Here’s your break down of the 2014 ballot measures
Measure 86 Oregon Fund for Post Secondary Education
If it passes: An amendment to the state constitution would be created to institute a state fund to provide financial aid for students at universities and trade schools. The amendment would allow the state legislature to issue bonds, use general fund dollars and collect private donations for the fund. Oregon will become the first state to have a continual fund provided for students in higher education. Critics say that the bill could lead to high taxpayer bills and does not address the real problem with higher education affordability.
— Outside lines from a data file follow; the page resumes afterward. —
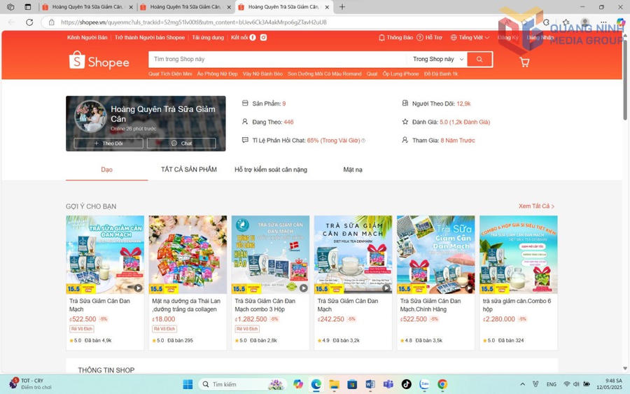 Theo kế hoạch kiểm tra hoạt động thương mại điện tử, Đội Quản lý thị trường (QLTT) số 4, Chi cục QLTT Quảng Ninh phát hiện cơ sở kinh doanh “Hoàng Quyên Trà sữa Giảm cân” cùng tài khoản bán hàng trên Shopee có dấu hiệu vi phạm.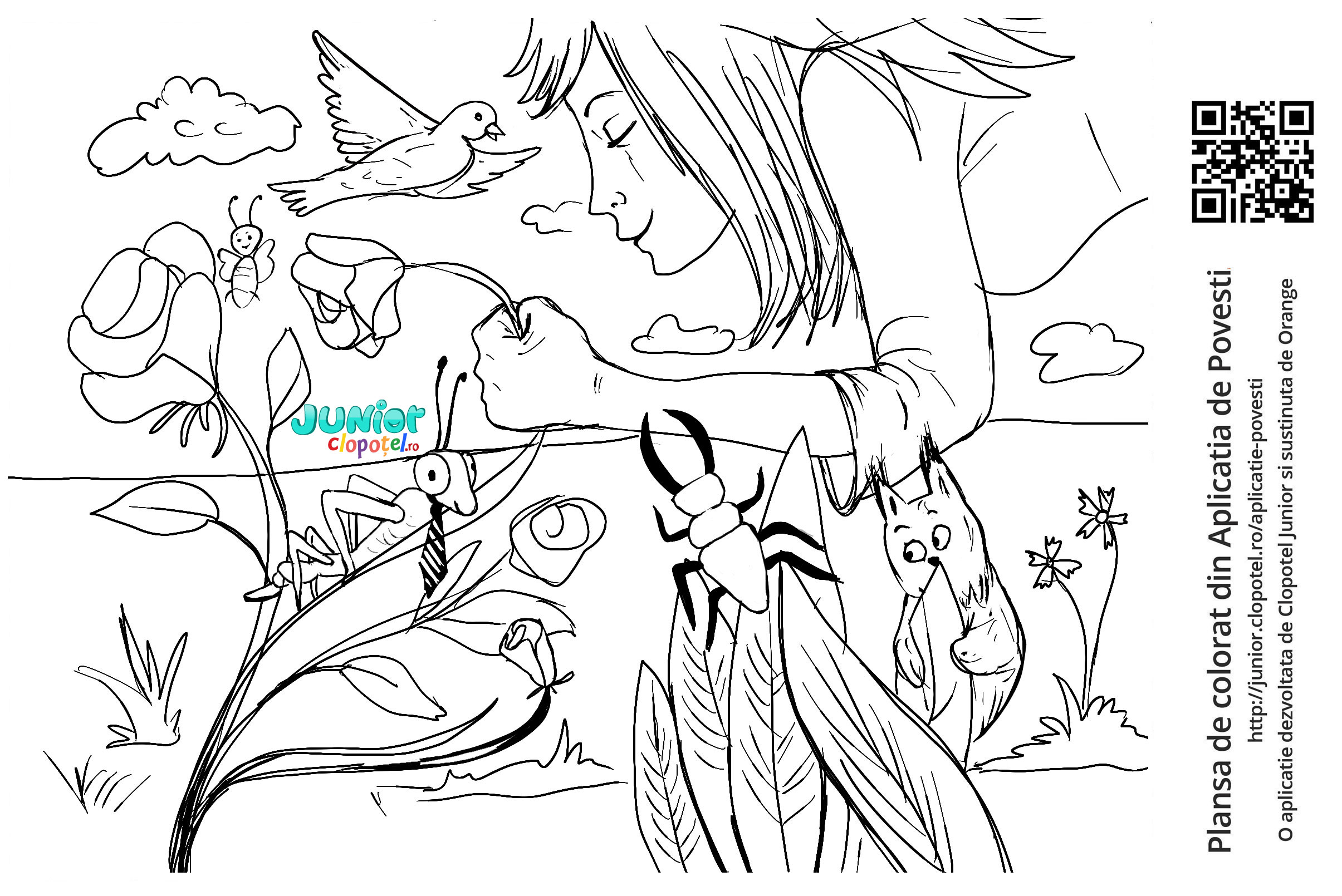 Descriere: Coloreaza trandafirul care este cules de drumeti. Scena din povestea Legenda Trandafirului si a Scaiului din aplicatia POVESTI. Daca vrei sa descoperi mai multe basme, descarca-ti aplicatia din Google Play sau App Store.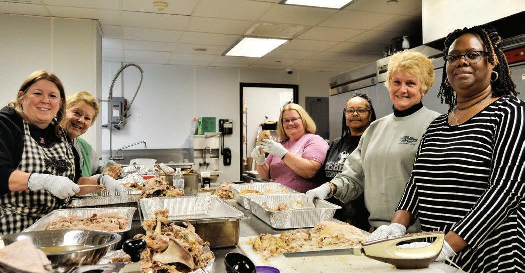 BlessingsforBadgesvolunteerspreparethe turkeyforthemealsthatwillbedeliveredto first-respondersacrossSussexCountywhoare workinginsteadofspendingtheThanksgiving holidaywiththeirfamilies.Shown,clockwise fromfront-left,are:LisaMcFey,CaroleWard, AndreaFinkbiner,SharonTaylor,LisaO’Neal andMaryCurtis.

Why you should care: This measure was first proposed by State Treasurer Tom Wheeler as a solution to combat the rising cost of college tuition, and its passage could lead to more financial aid for students.
Measure 87 Oregon Hiring of State Judges by National Guard and State University
If it passes: An amendment would be made to the state constitution allowing judges in the state of Oregon to receive employment in the National Guard in military positions and state universities in teaching positions. School employees would also be allowed to serve in State Legislature.
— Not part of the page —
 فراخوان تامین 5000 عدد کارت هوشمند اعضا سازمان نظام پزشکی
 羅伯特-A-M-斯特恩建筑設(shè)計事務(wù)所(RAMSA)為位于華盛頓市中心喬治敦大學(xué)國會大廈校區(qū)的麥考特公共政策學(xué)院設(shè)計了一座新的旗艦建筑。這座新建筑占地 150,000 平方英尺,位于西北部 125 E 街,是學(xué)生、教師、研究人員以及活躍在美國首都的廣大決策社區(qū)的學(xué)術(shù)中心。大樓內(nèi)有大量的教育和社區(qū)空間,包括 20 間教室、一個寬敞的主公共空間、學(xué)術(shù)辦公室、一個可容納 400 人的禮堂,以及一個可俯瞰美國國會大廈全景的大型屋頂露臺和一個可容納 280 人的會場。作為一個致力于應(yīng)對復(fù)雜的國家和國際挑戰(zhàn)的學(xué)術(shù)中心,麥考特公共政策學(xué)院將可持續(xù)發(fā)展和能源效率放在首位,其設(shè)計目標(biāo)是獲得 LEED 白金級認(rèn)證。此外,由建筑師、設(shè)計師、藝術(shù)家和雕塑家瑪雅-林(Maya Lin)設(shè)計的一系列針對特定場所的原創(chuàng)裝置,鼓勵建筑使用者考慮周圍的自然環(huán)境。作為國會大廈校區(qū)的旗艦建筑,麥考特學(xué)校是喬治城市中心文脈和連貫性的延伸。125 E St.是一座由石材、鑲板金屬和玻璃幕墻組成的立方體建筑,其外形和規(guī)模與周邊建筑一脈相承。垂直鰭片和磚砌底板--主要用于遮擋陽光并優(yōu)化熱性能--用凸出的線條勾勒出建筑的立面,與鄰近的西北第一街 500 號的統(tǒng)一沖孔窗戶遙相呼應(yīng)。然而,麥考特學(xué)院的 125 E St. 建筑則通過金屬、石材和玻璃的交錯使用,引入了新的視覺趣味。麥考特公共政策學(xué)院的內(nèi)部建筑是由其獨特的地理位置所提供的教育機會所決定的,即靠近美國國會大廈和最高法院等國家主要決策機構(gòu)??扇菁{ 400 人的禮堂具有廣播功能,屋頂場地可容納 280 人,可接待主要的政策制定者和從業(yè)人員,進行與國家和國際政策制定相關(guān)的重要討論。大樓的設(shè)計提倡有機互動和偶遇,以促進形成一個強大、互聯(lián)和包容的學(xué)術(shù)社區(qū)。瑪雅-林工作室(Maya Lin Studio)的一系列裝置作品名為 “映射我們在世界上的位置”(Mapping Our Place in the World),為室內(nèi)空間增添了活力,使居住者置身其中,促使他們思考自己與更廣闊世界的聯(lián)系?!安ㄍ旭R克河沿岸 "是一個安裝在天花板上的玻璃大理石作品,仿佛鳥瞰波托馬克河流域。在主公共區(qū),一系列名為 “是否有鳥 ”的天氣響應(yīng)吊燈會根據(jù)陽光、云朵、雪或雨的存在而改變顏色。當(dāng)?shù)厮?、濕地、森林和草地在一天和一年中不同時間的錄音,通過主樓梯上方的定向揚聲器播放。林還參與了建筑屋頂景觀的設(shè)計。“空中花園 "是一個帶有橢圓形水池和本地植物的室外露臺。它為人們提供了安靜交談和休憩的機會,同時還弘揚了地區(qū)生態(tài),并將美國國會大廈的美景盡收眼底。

Why you should care: If passed, judges would be granted the opportunity to teach in a public university setting.
Measure 88 Oregon Alternative Driver Licenses Referendum
If it passes: Driver cards would become available to Oregon residents who do not have proof of citizenship within the United States. In order to get driver cards, individuals have to be a resident of Oregon for over a year, have valid identification and proof of date of birth. The card cannot be used for air travel, federal building entry, registration to vote or access to government benefits. Supporters say the bill will lead to safer roads by reducing the number of unlicensed drivers, while opponents say that illegal immigrants should not be given licenses.
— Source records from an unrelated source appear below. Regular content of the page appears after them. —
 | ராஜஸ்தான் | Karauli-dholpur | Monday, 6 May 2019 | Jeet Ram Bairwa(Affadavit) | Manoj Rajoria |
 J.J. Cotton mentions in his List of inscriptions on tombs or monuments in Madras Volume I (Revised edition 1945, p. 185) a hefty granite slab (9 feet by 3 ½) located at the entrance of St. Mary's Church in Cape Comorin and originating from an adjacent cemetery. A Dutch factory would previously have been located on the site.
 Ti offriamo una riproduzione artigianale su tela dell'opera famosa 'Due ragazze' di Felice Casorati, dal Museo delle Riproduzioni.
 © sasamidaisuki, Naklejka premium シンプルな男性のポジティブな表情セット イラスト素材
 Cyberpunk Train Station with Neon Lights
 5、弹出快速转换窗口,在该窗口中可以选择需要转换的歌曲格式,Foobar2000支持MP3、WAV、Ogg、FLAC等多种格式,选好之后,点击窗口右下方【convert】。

Why you should care: It alters the state of drivers and roads in your home state.
Measure 89 Oregon Equal Rights for Women Initiative
If it passes: An amendment would be made to the state constitution which would prevent any state or political subdivision based on sex. It would also grant the legislative assembly power to enforce the amendment. Supporters say that equal rights for women should be written into Oregon’s constitution, while critics say that the measure is unnecessary because of an Oregon Supreme Court Ruling that already provides strong protection against gender discrimination.
Why you should care: Equal rights is an important issue.
Measure 90 Oregon Open Primary Initiative
If it passes: Individuals in Oregon registered to vote as independents would be granted the right to vote in primary elections. Instead, there will be an open primary with members from all parties, and the top two candidates will be put on the ballot. Supporters say that the measure will give minor party members more of a voice in elections. Opponents say that the measure will actually shut out minor parties because parties not represented by the top two candidates will not be runners in the general election.
Why you should care: 40 percent of independent voters are under the age of 40 in Oregon.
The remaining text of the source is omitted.